Mike Franklin slavo5150 at yahoo.com
Fri Jun 7 15:34:22 UTC 2019


On Friday, 7 June 2019 at 14:45:34 UTC, H. S. Teoh wrote:

> The flip side of this coin is that having one file per module 
> helps with code organization in typical use cases. As opposed 
> to the chaotic situation in C/C++ where you can have one .h 
> file with arbitrary numbers of .c/.cc files that implement the 
> function prototypes, with no obvious mapping between them, or 
> multiple .h files with a single amorphous messy .c/.cc file 
> that implements everything. Or where there are arbitrary 
> numbers of modules nested inside any number of .c/.cc files 
> with no clear separation between them, and where filenames bear 
> no relation with contents, making code maintenance challenging 
> at best, outright nightmarish at worst.

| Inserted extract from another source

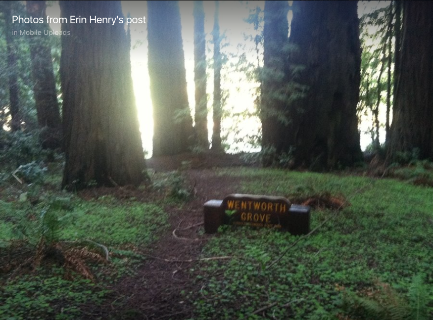 These books are the only places so far that I have found Wentworth Grove mentioned. There are pretty detailed directions. I once lived off the Avenue of the Giants out of Myers Flat, but never hiked in this area. It is much less traveled than other hiking trails there. I would definitely look there if I were searching for Erin, assuming she could drive there.

What I'm proposing is that a library's organization can be one 
file per module while it is being developed, but once it is 
published for consumption by others all packages/modules are 
concatenated into one file so it's faster for users to import.  
Or you could even concatenate some packages/modules, but not 
others depending on how users typically interact with the library.

There may be use cases (like mine with the memory-mapped IO 
registers) where users may want to actually develop with more 
than one module per file.  Or when one wants to share 
multi-package/module cut-and-pastable code examples. But those 
are special cases.

What's nice is that it changes nothing for users today.  It just 
removes an arbitrary limitation to help improve import speed 
while enabling some more flexibility for those who may it.